- **DATASET**

::::::::::

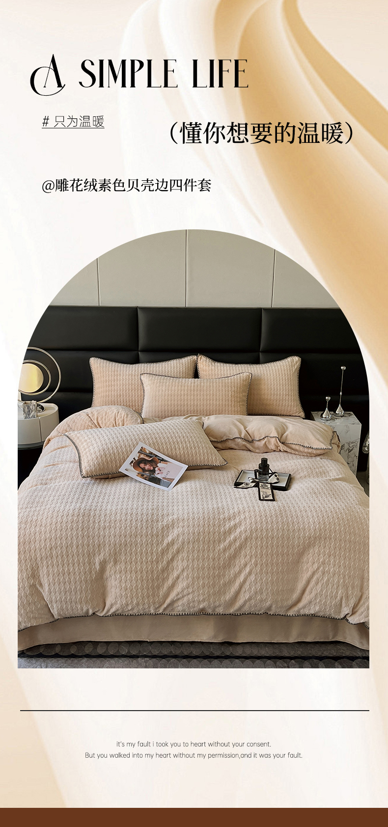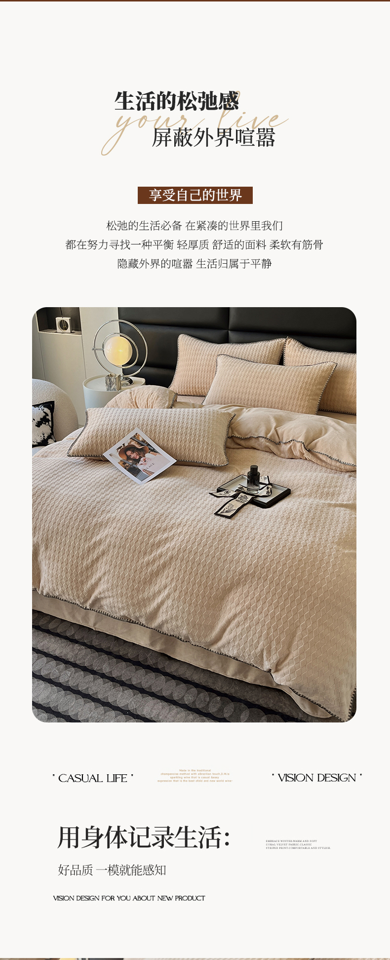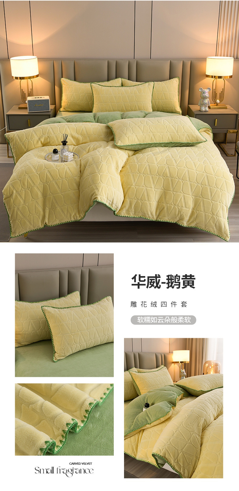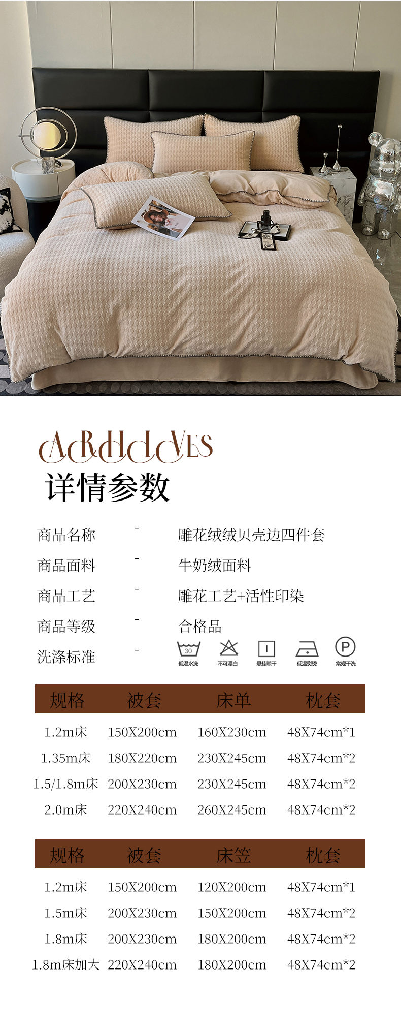 当前位置: 91家纺网 > 商品网购 > 床品套件 > 四件套 > 雕花绒四件套 > 菡宝 2024新款贝壳边无印风230g雕花绒床单四件套 菱形格-杏
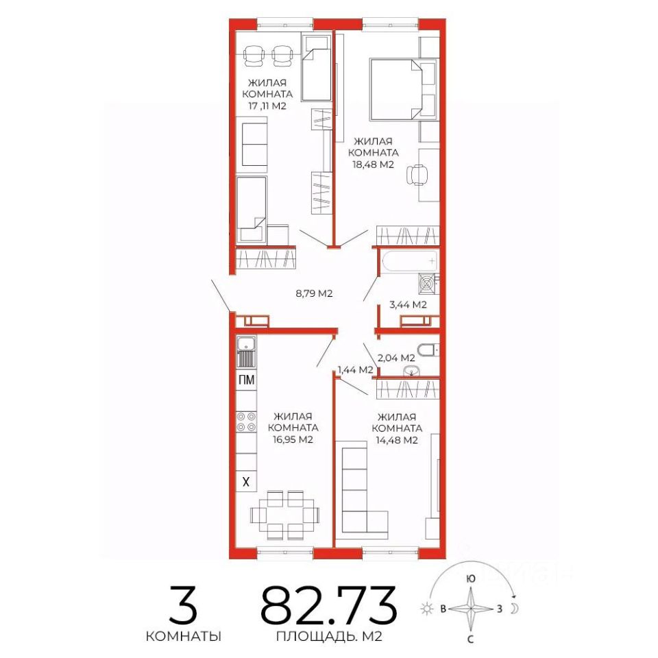 Продаётся 3-комнатная квартира в строящемся доме (дом 7), срок сдачи: III-кв. 2025, общей площадью 82.73 кв.м., на 14 этаже. Дизайнерская отделка.
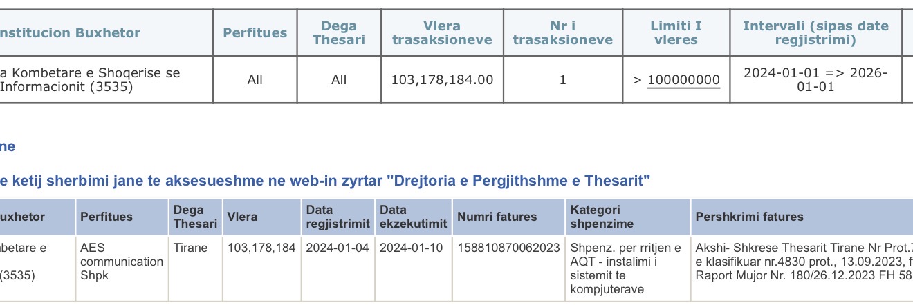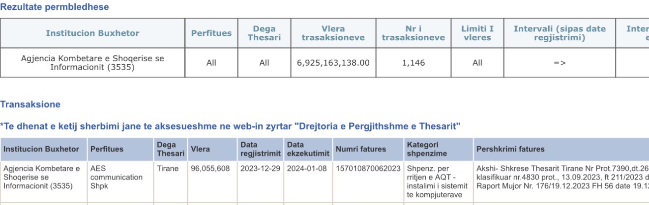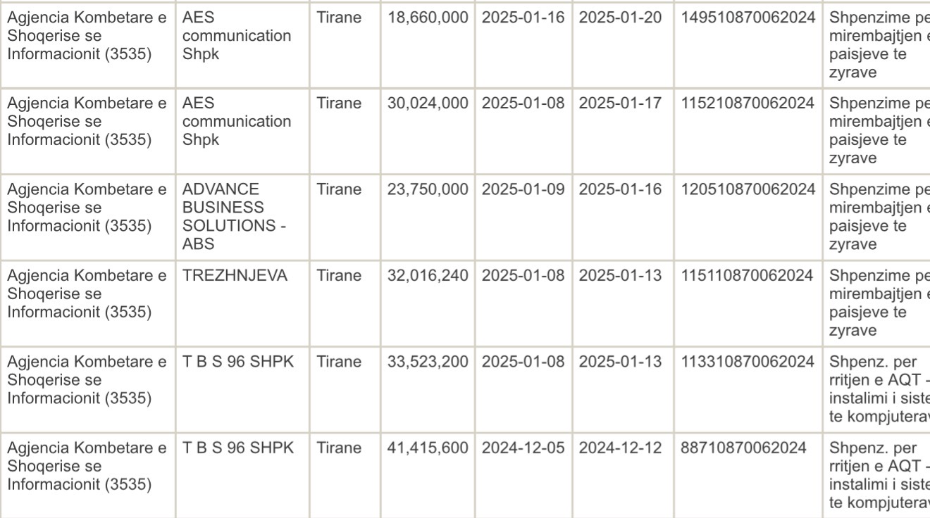Agjencia Kombëtare e Shoqërisë së Informacionit (AKSHI) ka administruar miliarda lekë nga fondet publike ndër vite, ndërsa të dhënat zyrtare të Thesarit tregojnë një panoramë të frikshme të dhënies së parave publike-oligarkëve përmes tenderave të klasifikuar (sekretë) nga drejtoresha e këtij institucioni Mirlinda Karcanaj për vitet 2019-2026!
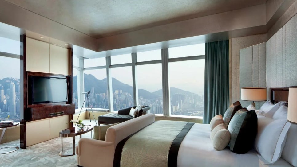 세계에서 가장 높은 층에 위치한 호텔. 118층짜리 초고층 빌딩인 ICC의 106~117/F층에 객실이 있어 현기증이 날 만큼 아찔한 전망을 자랑합니다. 객실에는 42인치 TV, 블루레이 플레이어 등의 최신 가전제품과 편의시설이 비치돼 있습니다. 최상층인 118/F층에는 수영장과 헬스클럽, 그리고 전망은 물론 환상적인 분위기를 자랑하는 바 Ozone이 있습니다. 보안이 철저해 객실을 출입하거나 엘리베이터를 이용할 때는 객실 키를 스캐너에 인식시켜야 합니다. 리셉션이 위치한 로비는 103/F층에 있습니다. 호텔 입구가 있는 도착 로비에서 전용 엘리베이터를 타면 리셉션까지 단 52초만에 올라갑니다.
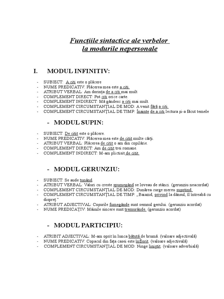 Funcţiile Sintactice Ale Verbelor La Modurile Nepersonale I Modul Infinitiv
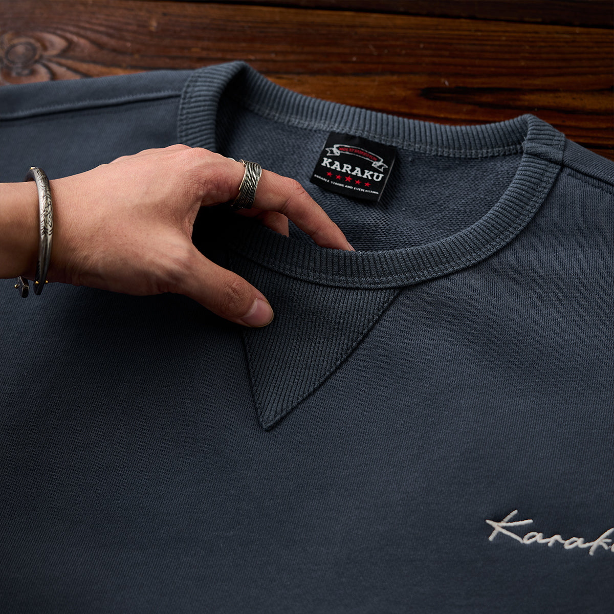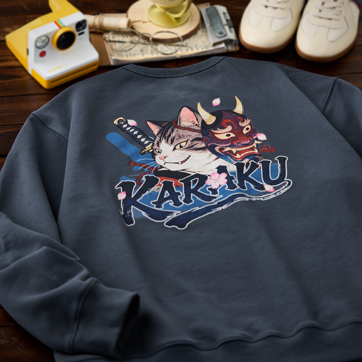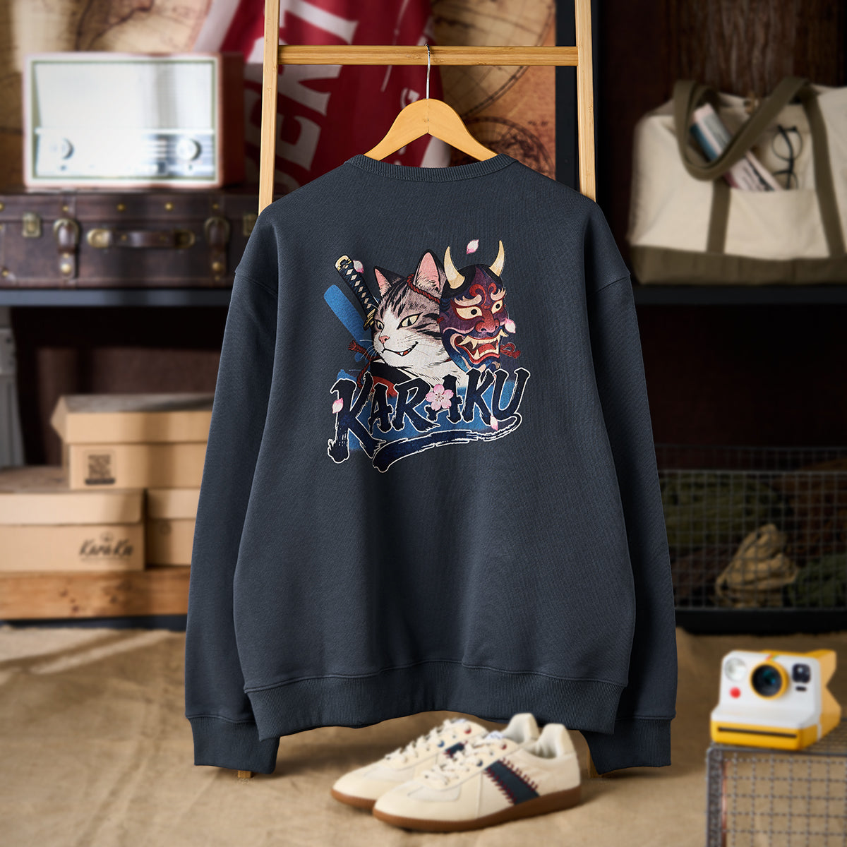 뒷면의 고양이·한냐면·칼 프린트, 벚꽃이 조화를 이루는 스웨트셔츠로, 손그림 느낌의 아트 스타일과 ‘KARAKU’ 로고가 레트로한 분위기를 완성합니다.
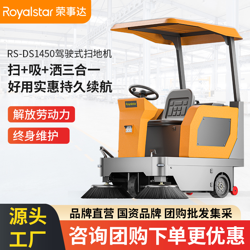 榮事達(dá)DS1450駕駛式掃地機(jī),掃灑吸一體機(jī),一遍干凈輕松省力,180L塵箱容量告別多次傾倒,噴霧抑塵有效控制揚(yáng)塵,...
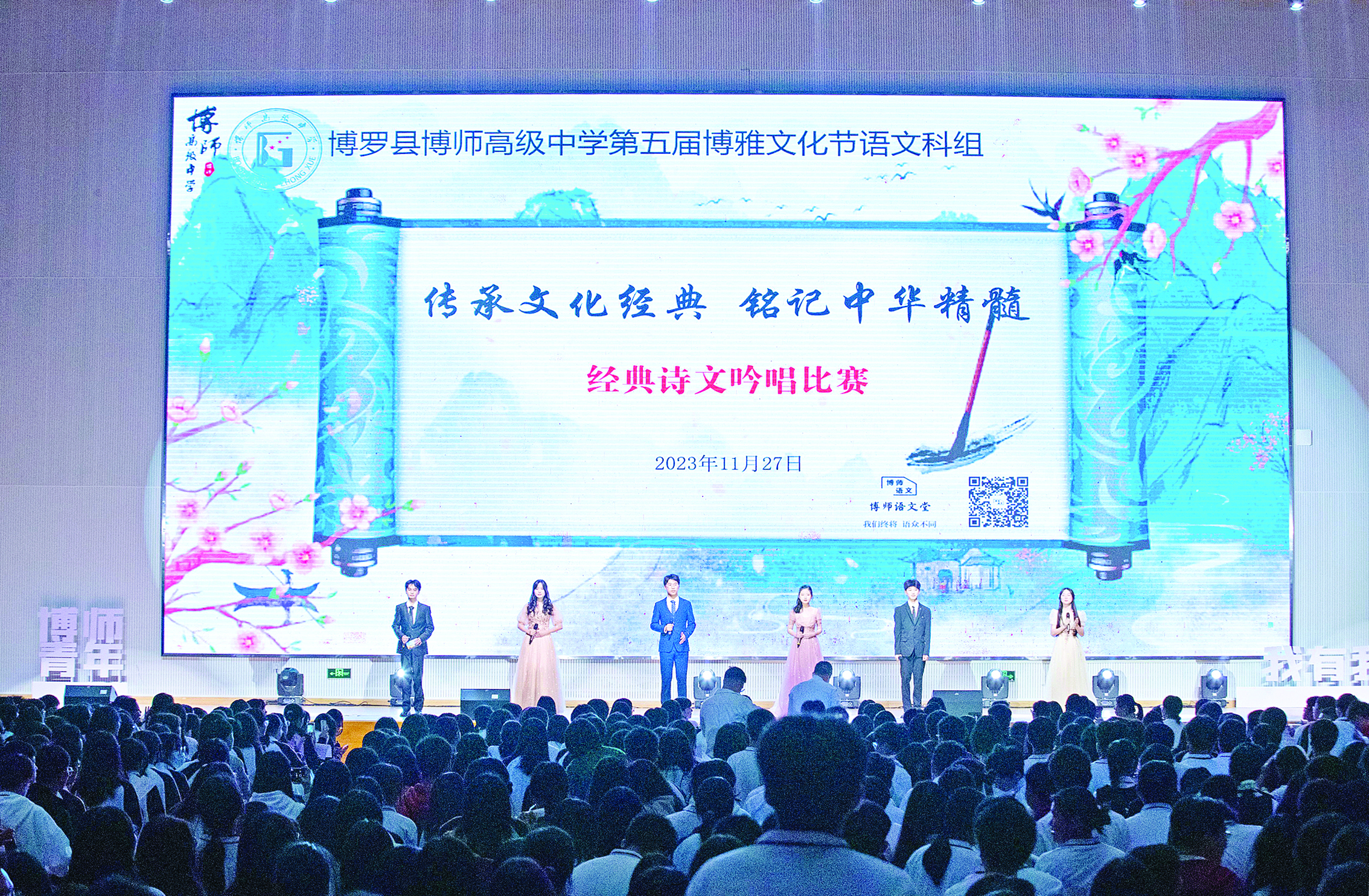 12月的博師高級中學(xué)是五彩斑斕的。每年這個時候,學(xué)生們最期待的“博雅文化節(jié)”拉開帷幕,書香節(jié)、體育節(jié)、音樂節(jié)、科技節(jié)、美術(shù)節(jié)“五節(jié)”并行、“五育”并舉。活動期間,主題講座、知識競賽、詩詞演唱、實(shí)驗(yàn)操作、趣味活動等輪番上陣,同學(xué)們花樣“整活”、釋放自我、展現(xiàn)才華,留下熱情的歌舞、雋永的詩篇,也留下了關(guān)于青春最熱烈的記憶。
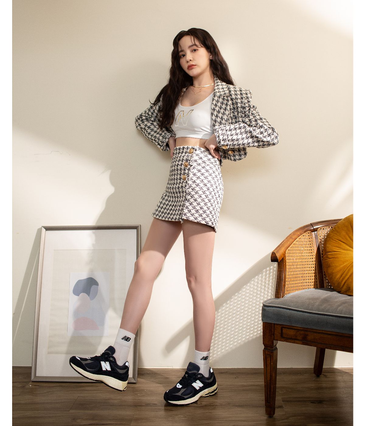 想要穿出Y2K一點也不難!從最簡單的第一個Tips著手,用「One tone調的suit」就能輕鬆營造韓系Y2K風格中的時髦高級感~Doris選擇帶有復古氛圍、不退流行的千鳥格紋套裝,合身短版的西裝外套搭上同款式西裝毛呢短裙,更襯托出精緻感受,內搭上衣則選擇New Balance白色系bra top來提振搭配中的輕盈感受,用正裝與休閒單品混搭出專屬Y2K的俏麗時髦樣貌,讓經典正裝也顯得層次新穎而豐沛!
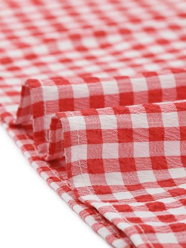 Allegra K Gingham Top for Woman's 2025 Plaid Peasant Round Neck Ruffles Cute Puff Sleeve Tops 5
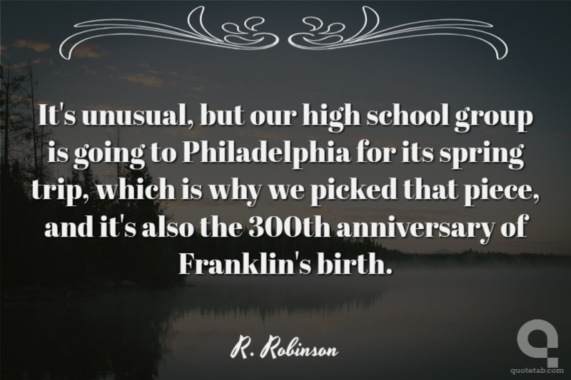 It's unusual, but our high school group is going to Philadelphia for its spring trip, which is why we picked that piece, and it's also the 300th anniversary of Franklin's birth.

::::::::::

- **WORK TO COMPLETE**
Extract from the material above the stretch running from the line containing "뒷면의 고양이·한냐면·칼 프린트, 벚꽃이" through the line containing "榮事達(dá)DS1450駕". Keep the text exact and the pictures out.

- **SOLUTION**
 뒷면의 고양이·한냐면·칼 프린트, 벚꽃이 조화를 이루는 스웨트셔츠로, 손그림 느낌의 아트 스타일과 ‘KARAKU’ 로고가 레트로한 분위기를 완성합니다.
 榮事達(dá)DS1450駕駛式掃地機(jī),掃灑吸一體機(jī),一遍干凈輕松省力,180L塵箱容量告別多次傾倒,噴霧抑塵有效控制揚(yáng)塵,...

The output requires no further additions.